West Coast Editor

Catalyst Biosciences Inc. pulled down $30 million in a Series B financing for its work with optimized proteases, and the cash on hand will take the privately held firm through 2008, pushing two internal programs into the clinic.

The first partner for the Catalyst platform is likely this year, said David O’Reilly, president of the South San Francisco-based firm. "We’ll partner it selectively," he said. "We’re not a service business or a research boutique."

The financing, expected to be disclosed today, was led by Morgenthaler Ventures, of Menlo Park, Calif., and should allow Catalyst to reach proof of concept with at least one program, O’Reilly said.
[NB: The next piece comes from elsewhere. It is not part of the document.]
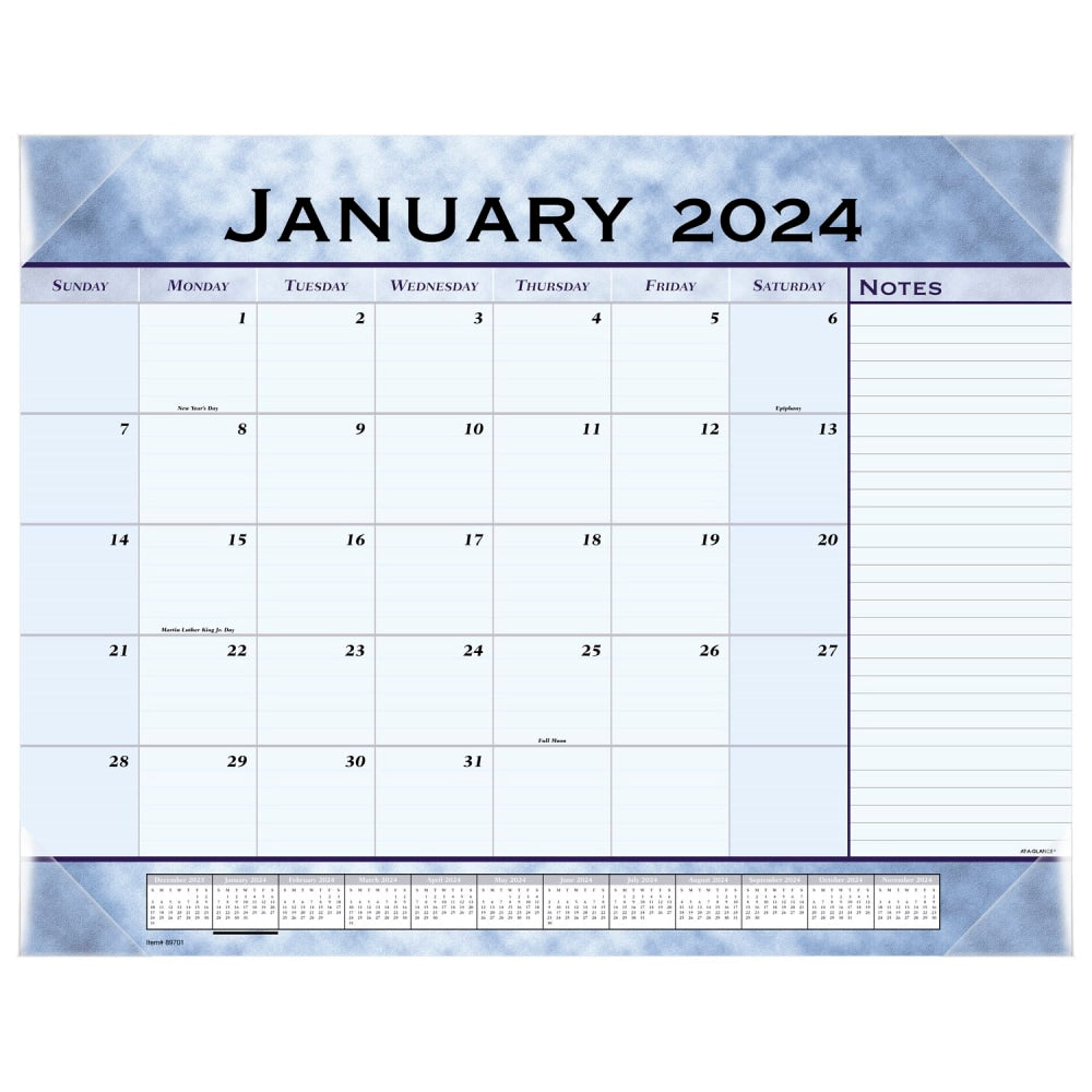 2024 AT-A-GLANCE Monthly Desk Pad Calendar, 21-3/4in x 17in, Slate Blue, January To December 2024, 89701

In the Series A financing in fall 2004, Catalyst raised $10.3 million. (See BioWorld Today, Oct. 29, 2004.)

Using high-throughput protein engineering, Catalyst’s discovery platform is designed to create and optimize "tailor-made" protease drug candidates, called Alterases.

"The breakthrough here is coupling catalysis with high specificity to a disease target," O’Reilly said. "It’s a different mechanism from the general tools that a pharmaceutical scientist turns to."

Current therapies such as small molecules or antibodies "are really not satisfactory in acute and episodic disease, where you have a spike, or some highly amplified system that you need to knock down rapidly," he said, adding that those challenges are "very tractable for a catalytic molecule, but daunting for other approaches."

One protease "can deal with a thousand disease targets," O’Reilly said, calling the possibilities particularly good across the zones of inflammation, immunology, oncology and infectious disease.

"Our lead program targets the complement cascade and its role in cardiovascular problems, as well as others," such as acute cardiac disorders, from bypass surgery to myocardial infarction, as well as asthma and rheumatoid arthritis, he said.

"Nature regulates this very important cascade with a protease, and it does so because you need to efficiently and rapidly shut down this system," he pointed out, noting that changes made by scientists by way of protein engineering "are actually quite minor - a few amino acid substitutions."

A handful of proteases are already on the market, including Activase (alteplase) tissue-plasminogen activator, also known as T-PA, from Catalyst’s South San Francisco neighbor Genentech Inc., and Indianapolis-based Eli Lilly and Co.’s Xigris (activated drotrecogin alfa). Botox (botulinum toxin) from Allergan Inc., of Irvine, Calif., also is a protease.

Participating with Morgenthaler in the financing were HealthCare Ventures LLC, of Princeton, N.J., and all of Catalyst’s previous investors, including Sofinnova Ventures, of San Francisco; Burrill & Co., also of San Francisco; RCT BioVentures, of Menlo Park, Calif.; and Novartis Venture Fund in San Diego. Chris Christoffersen, of Morgenthaler, and Augustine Lawlor, of HealthCare Ventures, will join Catalyst’s board.